# [Problem to work on]
What you output must match, exactly, the lines from the start of the records to the line containing "Im Wohnzimmer findest", both ends kept and pictures excluded.

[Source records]
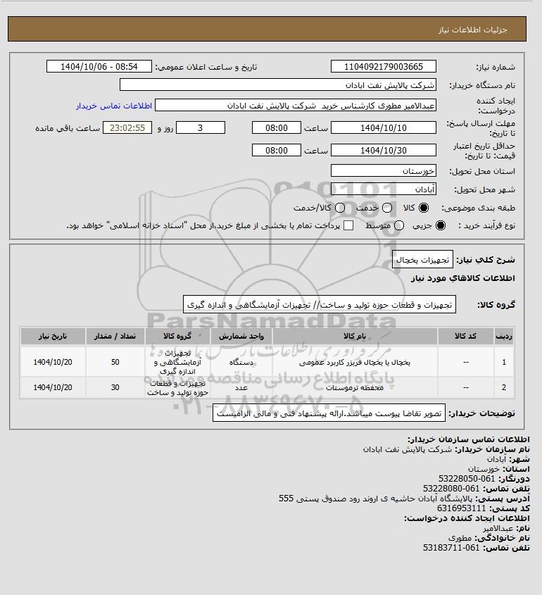 نام دستگاه خریدار:شرکت پالایش نفت ابادان
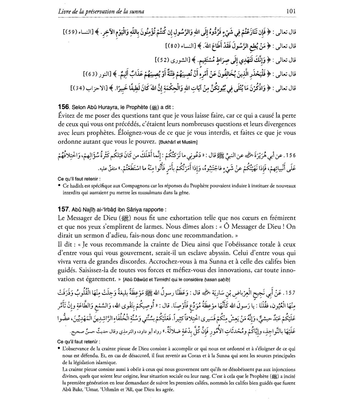 nous est defendu. Et, en cas de desaccord, il faut revenir au Coran et
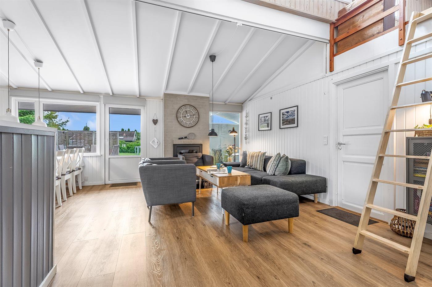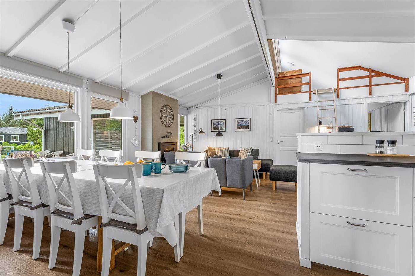 Im Wohnzimmer findest du einen Kaminofen, einen Essbereich und eine Sofagruppe.
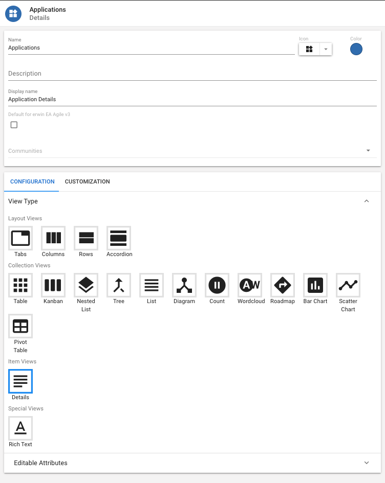A Details View allows you to display Attributes of an Object Type Instance. This type of view is commonly used for Object Type views, when first accessing the Platform you may need to edit the default view to display the Attributes you wish; this is done by creating or editing a Details View.
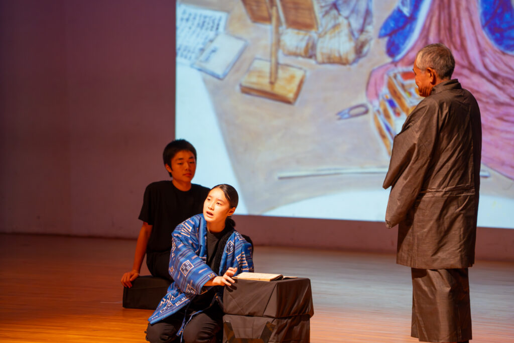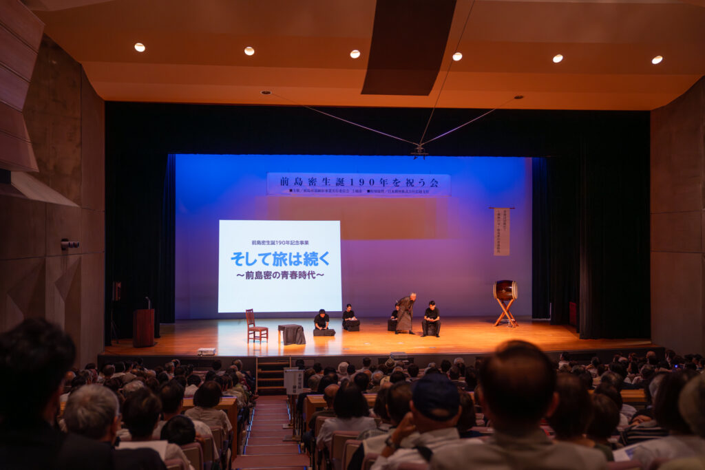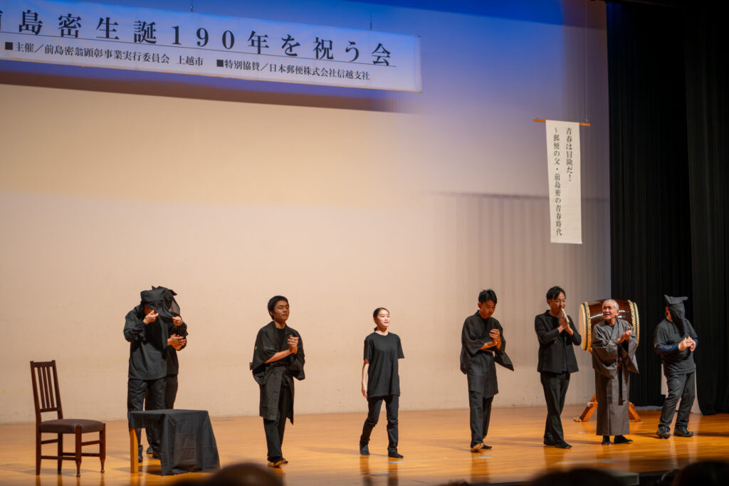 今回は、「あなたへつなげるバトン」というテーマのもと、若い世代とのつながりを軸に据えたイベントを企画しました。そして、生誕地のすぐ近くにある雄志中学校の生徒等とともに、創作劇というかたちで、前島密の志や歩みを次世代が語る舞台を公演しました。
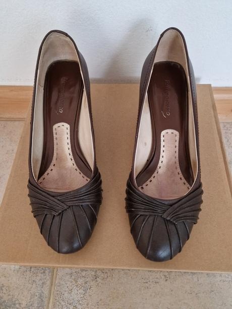 Kožené talianske topánky na 6cm podpätku, výborný sklon. Vnútorná dĺžka 24cm, vložená moja kožená vložka. Jemné znaky nosenia. Vhodné pre nie úzku nozku, okrúhla špica.
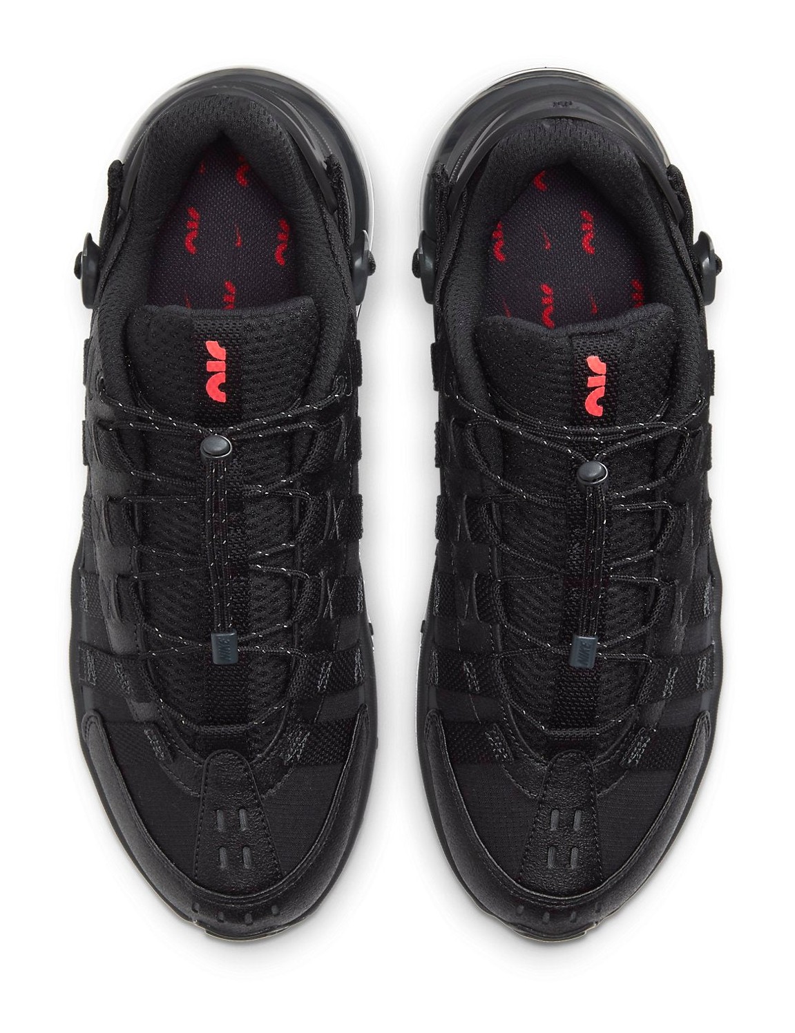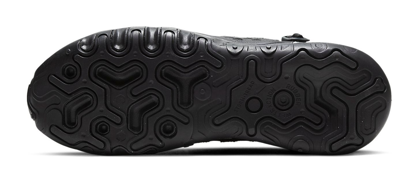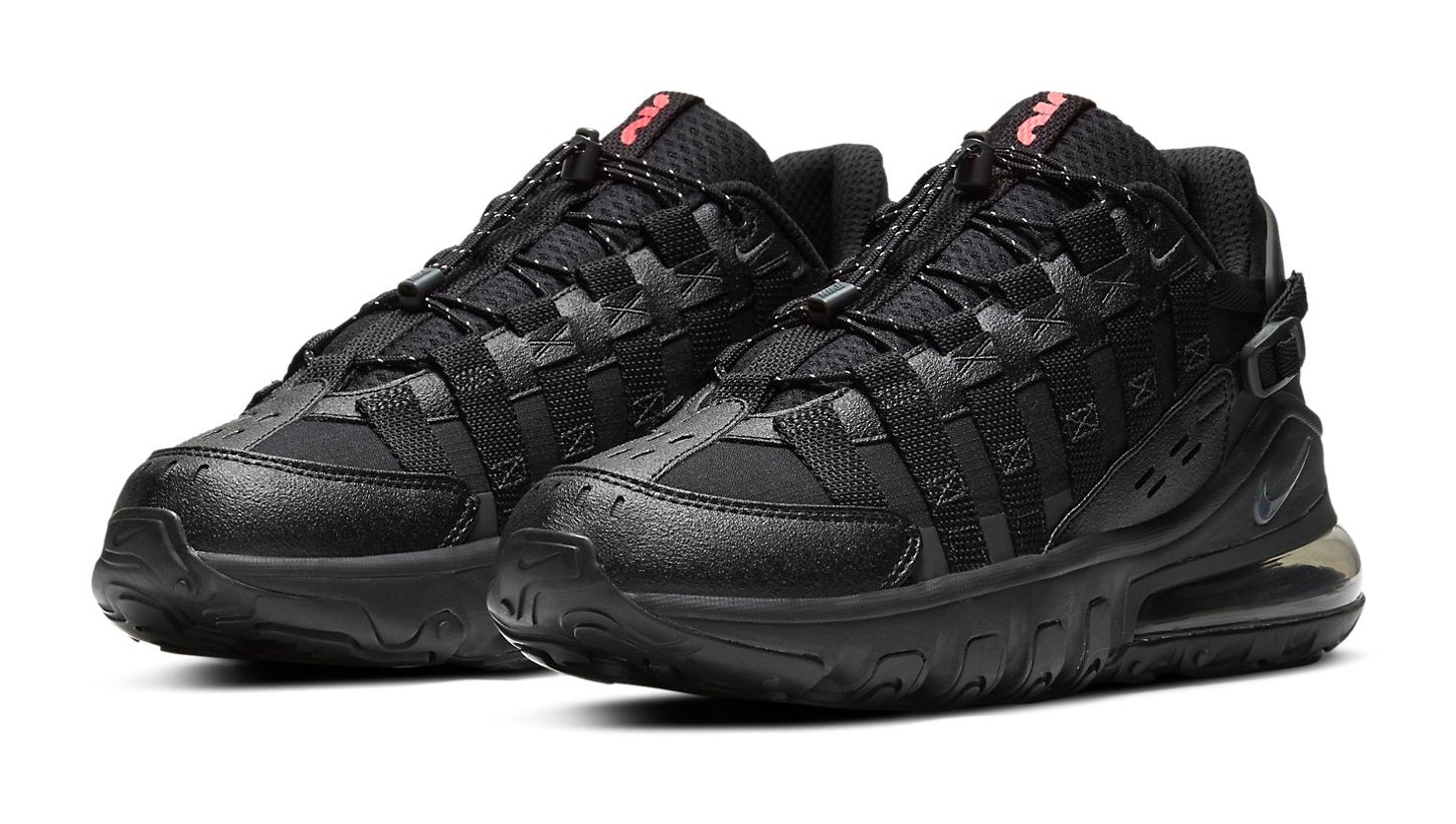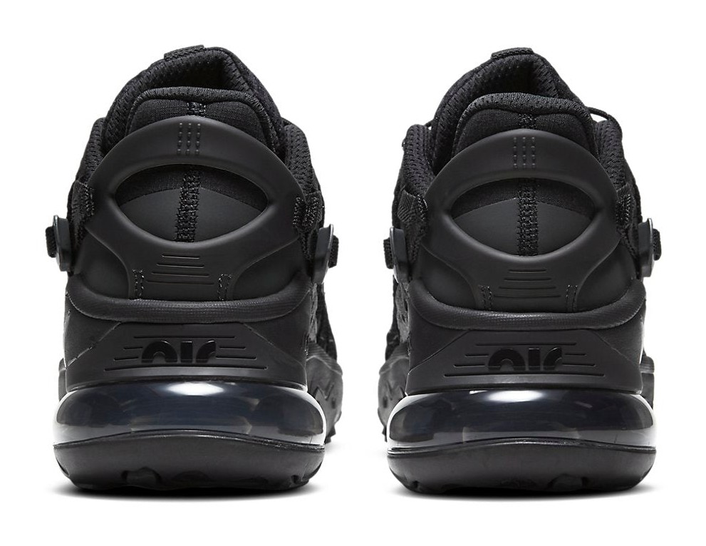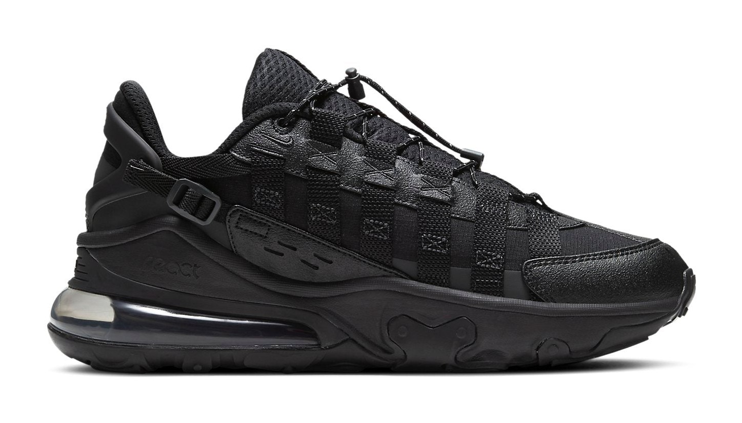 This utilitarian-inspired version of the Air Max 270 features a primarily black upper with ripstop and textured leather panels. Webbing straps run along the mid-panel and integrate with a rope-and-toggle lacing system. The shoe includes a Max Air unit for heel cushioning and React foam in the forefoot for a stable, comfortable ride. The design is accented with subtle details like a mini-Swoosh and a 3M-speckled lacing system.
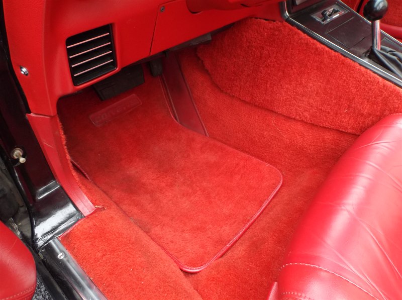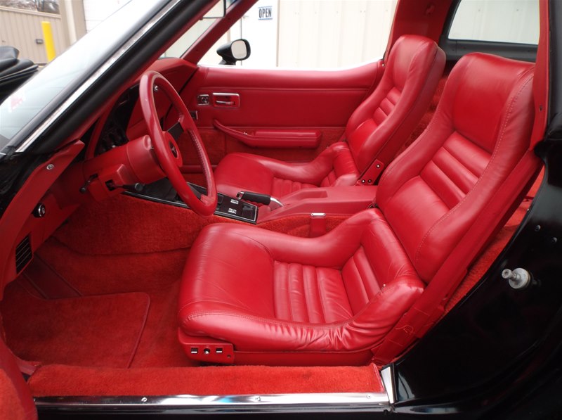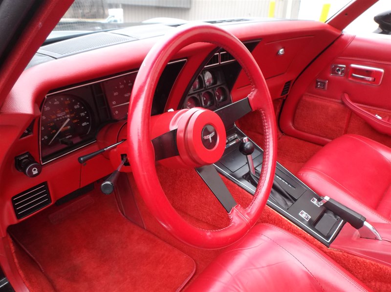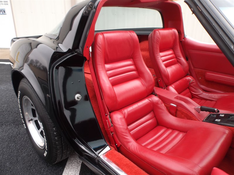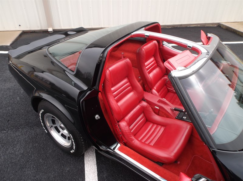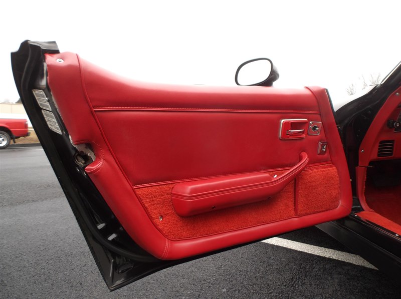 Just found this super nice and a very solid original 1981 Corvette Sport Coupe. Super rare color combination in Black exterior with Red leather interior. Only 35,230 actual miles on this car and documented with a clean CarFax vehicle history report along with odometer statements, window sticker, invoice, and owners manual. 1981 was the first year to see a 17 digit VIN # so a vehicle history report can be run on these models. This car was recently purchased out of the Chicago area as the previous owner has had about 2 years. He purchased the car from a new Chevrolet store at that time,was given an inspection on the car. All new brakes were installed along with fluids changed. Everything is operable and working on the Corvette and does drive out smoothly and like a 35,000 mile car should be. The car for the most part is an all original “Survivor” car with its original paint, interior, engine, drivetrain and undercarriage. Tires have been replaced along with the battery and some belts over the years. It does still retain things like the original alternator, exhaust system with catalytic converter, original headlight bulbs, decals, and some inspection markings are still visible. The body and frame is very good, with little surface corrosion that we plan to address and detail. What we do is get a car like this in and go through it to the best of our knowledge and try and bring it back to the condition as if it was the day it rolled off the assembly line. This car does not need much, but does have some dust and minor surface corrosion from being in a garage for much of its like. We will address those items and clean them along with refreshing any nuts and bolts to really dial the car in for a show car look. This Corvette has never been undercoated and does still look nice and presentable in all areas just like it is. The window glass is excellent and all original to the car. The front and rear urethane bumpers still look good with no stress cracking. Little to no rock nicks as well on the paint. We will give it a real nice buff and wax to bring the luster back into the paint. The wheels are nice but we will polish them out to give them that show finish. The tires have been recently replaced and are BF/Goodrich T/A ones that are white lettered. Sizes are all matching and are P225/70-R15.
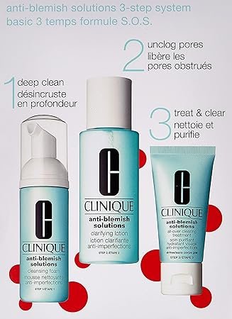 مجموعة كلينيك المضادة للشوائب (Clinique Anti-Blemish Solutions)، وهي نظام متكامل من ثلاث خطوات مصمم خصيصاً لعلاج حب الشباب، التحكم في الإفرازات الدهنية الزائدة، ومنع ظهور البثور في المستقبل. تعتمد هذه المجموعة على مكونات فعالة مثل حمض الساليسيليك (Salicylic Acid) الذي يعمل على تقشير البشرة وتنظيف المسام بعمق.
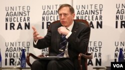 آقای پترائوس این سخنان را در نشست نهاد «اتحاد علیه ایران اتمی» بیان کرد. این گروه یکی از لابی قدرتمندمخالف برجام است که در نیویورک روز سه شنبه همزمان با آغاز نشست سالانه مجمع عمومی سازمان ملل این نشست را با حضور گروهی از سیاستمداران کنونی و پیشین آمریکایی و بین المللی برگزار کرد.
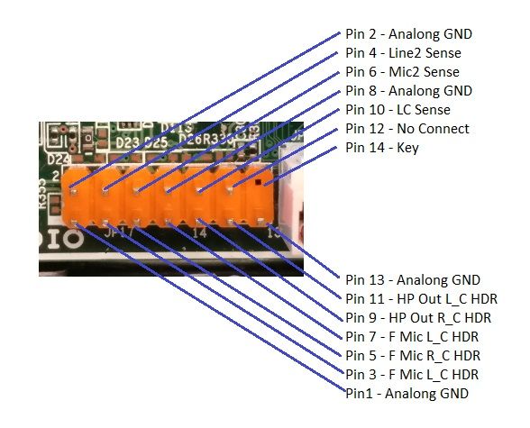 Der Audio Stecker vom Audio Panel ist 14-polig, wovon 9 Pole belegt sind. Auf dem MSI Board gibt es nur einen 9-poligen Pin Header, sodass ich die Belegung ändern muss.
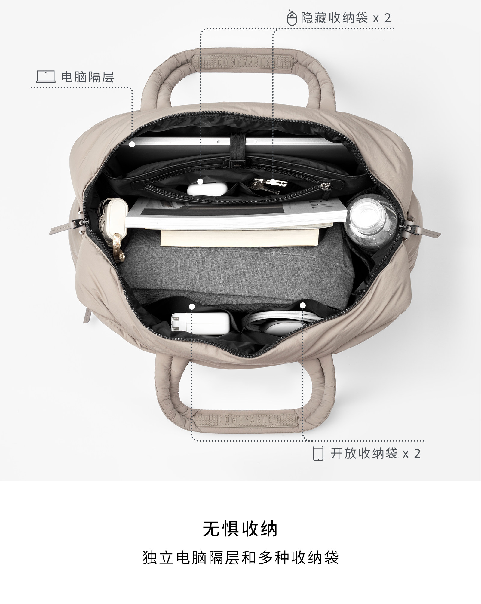 Comfyable Travel Tote Bag Large Capacity Hand Luggage Bag Fitness Sports Bag Business Trip Unisex Brown Gray
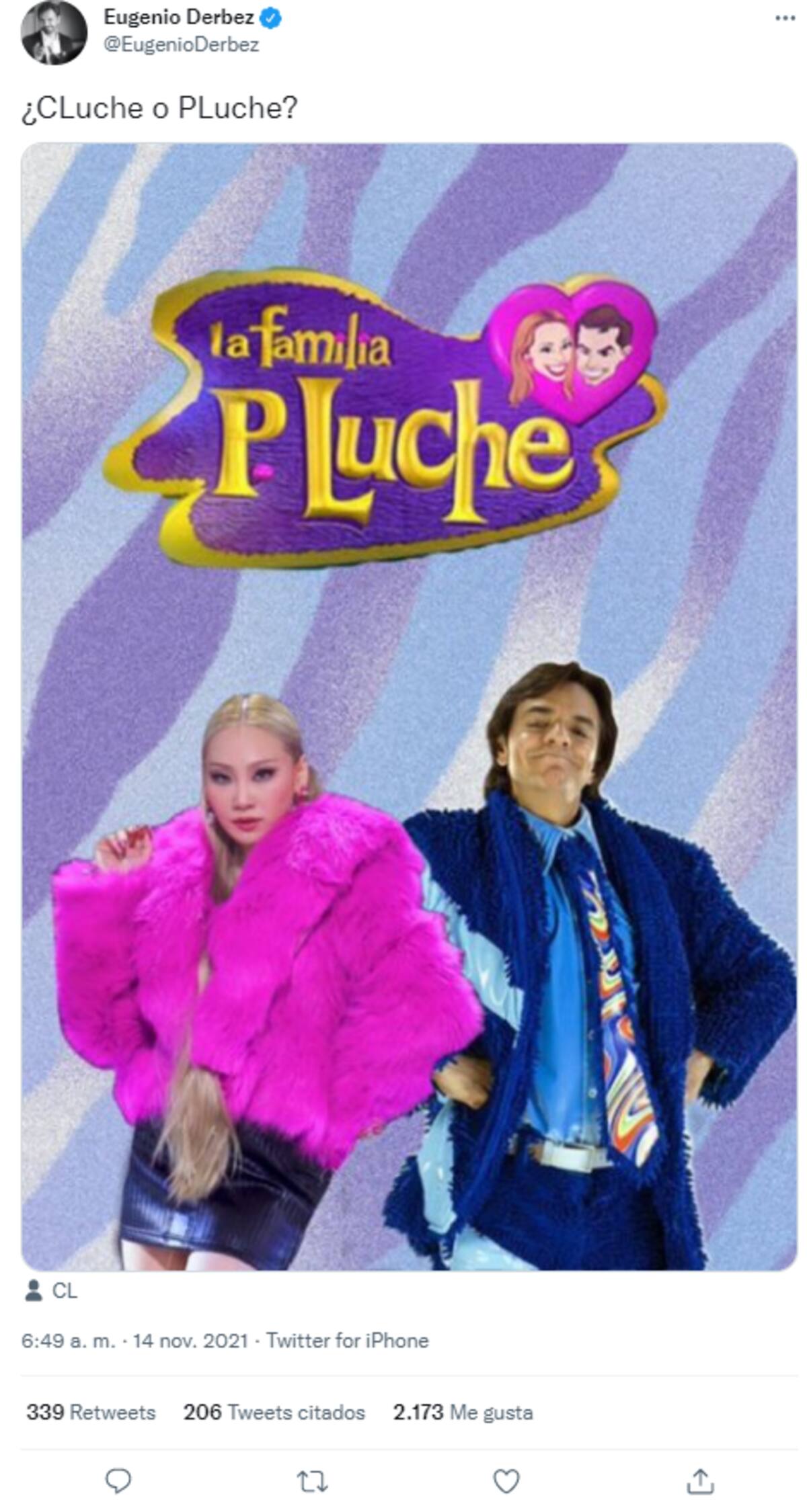 "¿CLuche o PLuche?", fue lo que escribió Derbez en la imagen junto a la rapera surcoreana en la que salía con un gran abrigo de peluche, muy al estilo de la exitosa serie del productor. Ante la gracia que causó la fotografía, rápidamente se viralizó en Internet entre los seguidores del protagonista de "No se aceptan devoluciones" y de Chaelin CL.
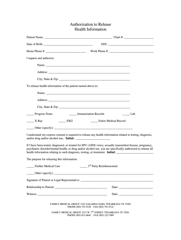 Authorization to Release Health Information Patient Name: Chart #: Date of Birth: Home Phone #: SSN: Work Phone #: I request and authorize: Name: Address: City, State & Zip: To release health information

# [Written response]
 نام دستگاه خریدار:شرکت پالایش نفت ابادان
 nous est defendu. Et, en cas de desaccord, il faut revenir au Coran et
 Im Wohnzimmer findest du einen Kaminofen, einen Essbereich und eine Sofagruppe.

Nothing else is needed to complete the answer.